Cuéllar argues that another way that the guild of biblical scholars supported Empire is based on particular interpretations of history (133). Hegelian philosophy had advanced a notion that history was inexorably advancing toward the good, as interpreted by Western European norms. The chronologies developed out of these interpretations, in turn, determined architectural decisions as to how to arrange and organize artifacts within the Museum in order to reinforce the implied assumption that European Imperial power was the apex of biblical and historic time.

It is no surprise then, that a scholarly field which developed using these assumptions, even when those assumptions were later abandoned, has been unable even to perceive, let alone abandon, its established discourse—a discourse in which the interests of Anglo-European male clerics remained unchallenged for so long. This was the group that sought to answer the urgent questions asked and, not surprisingly, the answers at which they arrived were those that seemed plausible to that self-same group. In all of these ways, the beneficiaries of Empire created a discourse of the academic study of the Bible which, to this day, primarily represents and supports their own interests.

In this system, only Europeantrained, Anglo-European male academics were trusted with having attained credible scientific acumen. This acumen was then applied to the interpretation and arrangement of texts as well as artifacts. This control over knowledge production, notes Cuéllar, “involved a concatenation of encoded discourses, expert alliances, and technical maneuvers” (135), all of which benefited Empire.

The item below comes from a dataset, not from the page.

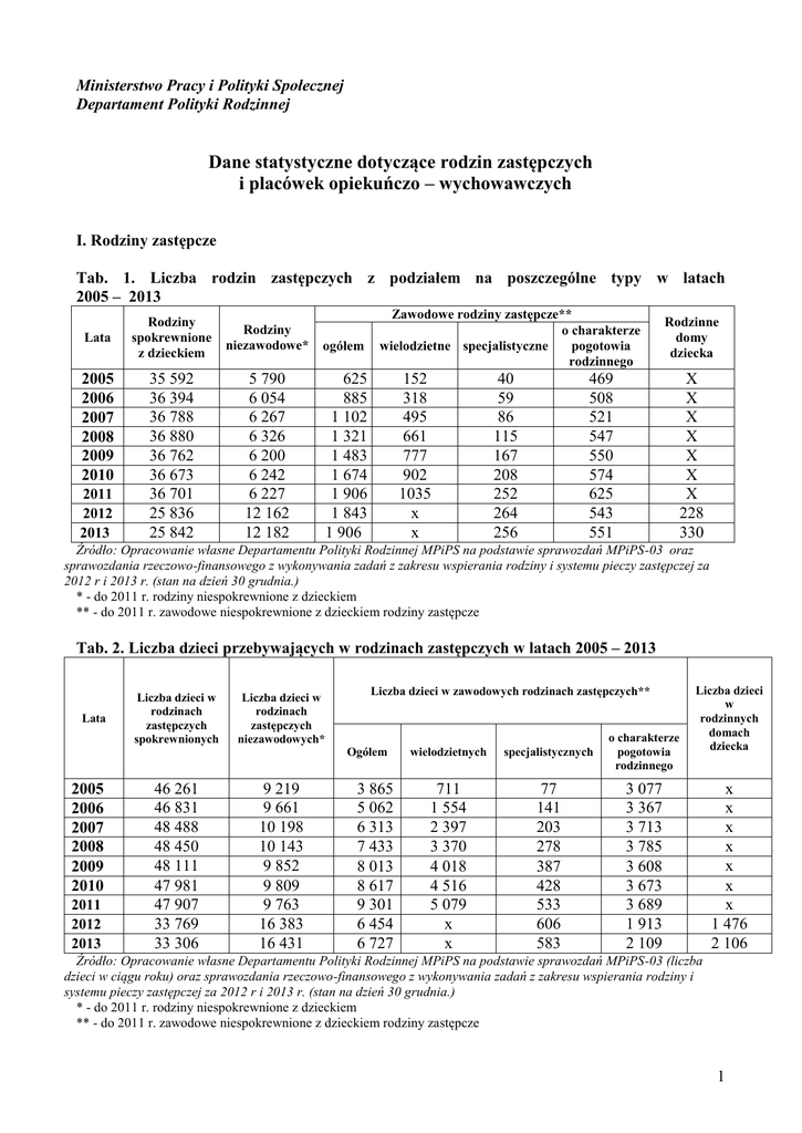 Ministerstwo Pracy i Polityki Społecznej Departament Polityki Rodzinnej Dane statystyczne dotyczące rodzin zastępczych i placówek opiekuńczo – wychowawczych I. Rodziny zastępcze Tab. 1. Liczba rodzin zastępczych z podziałem na poszczególne typy w latach 2005 – 2013 Lata 2005 2006 2007 2008 2009 2010 2011 2012 2013 Rodziny spokrewnione z dzieckiem Rodziny niezawodowe* ogółem 35 592 36 394 36 788 36 880 36 762 36 673 36 701 25 836 25 842 5 790 6 054 6 267 6 326 6 200 6 242 6 227 12 162 12 182 625 885 1 102 1 321 1 483 1 674 1 906 1 843 1 906 Zawodowe rodziny zastępcze** o charakterze wielodzietne specjalistyczne pogotowia rodzinnego 152 318 495 661 777 902 1035 x x 40 59 86 115 167 208 252 264 256 Rodzinne domy dziecka 469 508 521 547 550 574 625 543 551 X X X X X X X 228 330 Źródło: Opracowanie własne Departamentu Polityki Rodzinnej MPiPS na podstawie sprawozdań MPiPS-03 oraz sprawozdania rzeczowo-finansowego z wykonywania zadań z zakresu wspierania rodziny i systemu pieczy zastępczej za 2012 r i 2013 r. (stan na dzień 30 grudnia.) * - do 2011 r. rodziny niespokrewnione z dzieckiem ** - do 2011 r. zawodowe niespokrewnione z dzieckiem rodziny zastępcze Tab. 2. Liczba dzieci przebywających w rodzinach zastępczych w latach 2005 – 2013 Lata 2005 2006 2007 2008 2009 2010 2011 2012 2013 Liczba dzieci w rodzinach zastępczych spokrewnionych 46 261 46 831 48 488 48 450 48 111 47 981 47 907 33 769 33 306 Liczba dzieci w rodzinach zastępczych niezawodowych* 9 219 9 661 10 198 10 143 9 852 9 809 9 763 16 383 16 431 Liczba dzieci w zawodowych rodzinach zastępczych** Ogółem 3 865 5 062 6 313 7 433 8 013 8 617 9 301 6 454 6 727 wielodzietnych specjalistycznych o charakterze pogotowia rodzinnego 711 1 554 2 397 3 370 4 018 4 516 5 079 x x 77 141 203 278 387 428 533 606 583 3 077 3 367 3 713 3 785 3 608 3 673 3 689 1 913 2 109 Liczba dzieci w rodzinnych domach dziecka x x x x x x x 1 476 2 106 Źródło: Opracowanie własne Departamentu Polityki Rodzinnej MPiPS na podstawie sprawozdań MPiPS-03 (liczba dzieci w ciągu roku) oraz sprawozdania rzeczowo-finansowego z wykonywania zadań z zakresu wspierania rodziny i systemu pieczy zastępczej za 2012 r i 2013 r. (stan na dzień 30 grudnia.) * - do 2011 r. rodziny niespokrewnione z dzieckiem ** - do 2011 r. zawodowe niespokrewnione z dzieckiem rodziny zastępcze 1 II. Placówki opiekuńczo-wychowawcze Tab. 1. Liczba placówek opiekuńczo- wychowawczych z podziałem na poszczególne typy Lata 2005 2006 2007 2008 2009 2010 2011 2012 2013 Placówki Placówki Placówki opiekuńczoopiekuńczoopiekuńczowychowawcze typu wychowawcze typu wychowawcze typu interwencyjnego rodzinnego socjalizacyjnego 55 52 44 37 38 35 31 123 149 267 263 274 279 267 282 282 267 242 301 283 263 259 268 277 291 515 625 Placówki specjalistycznoterapeutyczne* 102 129 154 166 189 177 181 13 30 Źródło: Opracowanie własne Departamentu Polityki Rodzinnej MPiPS na podstawie sprawozdań MPiPS-03 oraz sprawozdania rzeczowo-finansowego z wykonywania zadań z zakresu wspierania rodziny i systemu pieczy zastępczej za 2012 r. i 2013 r. (stan na dzień 30 grudnia) * do 2011 placówki wielofunkcyjne Tab. 2. Liczba dzieci przebywających w poszczególnych typach placówek opiekuńczowychowawczych Lata 2005 2006 2007 2008 2009 2010 2011 2012 2013 Liczba dzieci w placówkach opiekuńczowychowawczych typu interwencyjnego Liczba dzieci w placówkach opiekuńczowychowawczych typu rodzinnego Liczba dzieci w placówkach opiekuńczowychowawczych typu socjalizacyjnego Liczba dzieci w placówkach specjalistycznoterapeutycznych* 4 157 4 998 4 619 2 955 2 628 2 058 1 819 2 217 1 927 2 252 2 187 2 261 2 226 2 242 2 495 2 524 2 232 2 030 16 527 13 951 12 505 11 343 11 106 10 660 10 787 15 967 15 626 7 736 10 890 12 234 13 291 13 736 13 404 13 003 109 366 Źródło: Opracowanie własne Departamentu Polityki Rodzinnej MPiPS na podstawie sprawozdań MPiPS-03 (liczba dzieci w ciągu roku) oraz sprawozdania rzeczowo-finansowego z wykonywania zadań z zakresu wspierania rodziny i systemu pieczy zastępczej za 2021 r. i 2013 r. (stan na dzień 30 grudnia ) * do 2011 placówki wielofunkcyjne 2

In the end, Cuéllar’s book teaches us that we have much work to do. First, we must re-examine the assumptions within the study of the Bible that we have taken as given—assumptions related to the development of history, to how we assign epistemic authority to interpret the Bible, and to how we organize and create taxonomies of knowledge. The field is ripe for young scholars from the Global South, including subaltern men, women, and gender-nonconforming scholars worldwide, to begin to reassess and rewrite the urgent questions we bring to the study of the Bible, to archaeology, and to the material evidence and antiquities associated with them. Gregory Cuéllar has given us a path upon which to embark, and for that we should be grateful.